United States Court of Appeals, Eleventh Circuit

June 30, 2015

HUGH F. CULVERHOUSE, individually and on behalf of all others similarly situated, Plaintiff-Appellant,
v.
PAULSON & CO. INC., PAULSON ADVISERS LLC, Defendants-Appellees

Appeal from the United States District Court for the Southern District of Florida. D.C. Docket No. 1:12-cv-20695-MGC.

For HUGH F. CULVERHOUSE, individually and on behalf of all others similarly situated, Plaintiff - Appellant: Harvey W. Gurland Jr., Robert L. Byer, Felice K. Schonfeld, Duane Morris, LLP, Miami, FL; Jason Kenneth Kellogg, Lawrence Allan Kellogg, Levine Kellogg Lehman Schneider Grossman, LLP, Miami, FL.

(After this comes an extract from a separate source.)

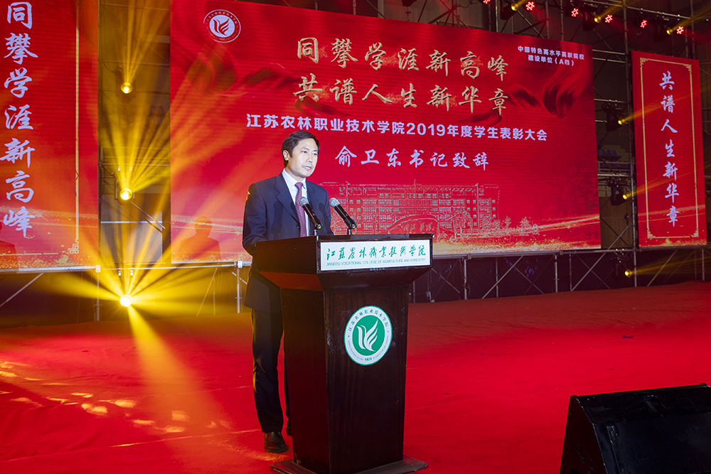 党委书记俞卫东,党委副书记简祖平,党委委员、副院长周兴元,副院长贾君,党委委员、副院长曹仁勇,党委委员、纪委书记周国义,学工处、教务处、科技开发处、团委等职能部门负责同志出席表彰大会,各二级色花堂

For Paulson & Co. Inc., Paulson Advisers LLC, Defendants - Appellees: Richard A. Edlin, Greenberg Traurig, LLP, New York, NY; Hilarie Fran Bass, Timothy Andrew Kolaya, Brigid F. Cech Samole, Elliot H. Scherker, Greenberg Traurig, LLP, Miami, FL.

Before WILLIAM PRYOR, JULIE CARNES, and SILER,[*] Circuit Judges.

OPINION

Page 1279

WILLIAM PRYOR, Circuit Judge:

This appeal involves a question of Delaware corporate law, which we certify to the Delaware Supreme Court. After Paulson Advantage Plus, L.P., lost approximately $460 million on an investment in a Chinese forestry company, Hugh Culverhouse filed a putative class action against general partners Paulson & Co. Inc., and Paulson Advisers LLC, for breach of fiduciary duty, gross negligence, and unjust enrichment. Culverhouse had invested in HedgeForum Paulson Advantage Plus, LLC, a " pass-through" or " feeder" fund that invests " substantially all of its capital" in Paulson Advantage Plus. Paulson & Co. and Paulson Advisers moved to dismiss for failure to state a claim and for lack of subject matter jurisdiction. After it concluded that Culverhouse's claims were derivative under Delaware law, the district court dismissed his amended complaint for lack of subject matter jurisdiction. Because this appeal depends on the resolution of an unsettled issue of Delaware law, we certify that issue to the Delaware Supreme Court.

I. BACKGROUND

Paulson Advantage Plus is a Delaware limited partnership that invests in corporate securities. Paulson & Co., a Delaware corporation, and Paulson Advisers, a Delaware limited liability company, serve as the general partners of Paulson Advantage Plus. Between 2007 and 2011, Paulson Advantage Plus invested approximately $800 million in Sino-Forest Corporation, a Chinese forestry company. After another investment firm issued a report that Sino-Forest had overstated its timber holdings and engaged in questionable related-party transactions, Paulson Advantage Plus sold its Sino-Forest shares at a loss of approximately $460 million.

After Paulson Advantage Plus sold its Sino-Forest shares at a loss, Culverhouse filed a putative class action against Paulson & Co. and Paulson Advisers for breach of fiduciary duty, gross negligence, and unjust enrichment. Culverhouse had invested in HedgeForum Paulson Advantage Plus, a " pass-through" or " feeder" fund sponsored by Citigroup Alternative Investments, LLC, which invests " substantially all of its capital," in Paulson Advantage Plus. HedgeForum gives investors the opportunity to invest in Paulson Advantage Plus for less than the $5 million minimum required for a limited partner interest.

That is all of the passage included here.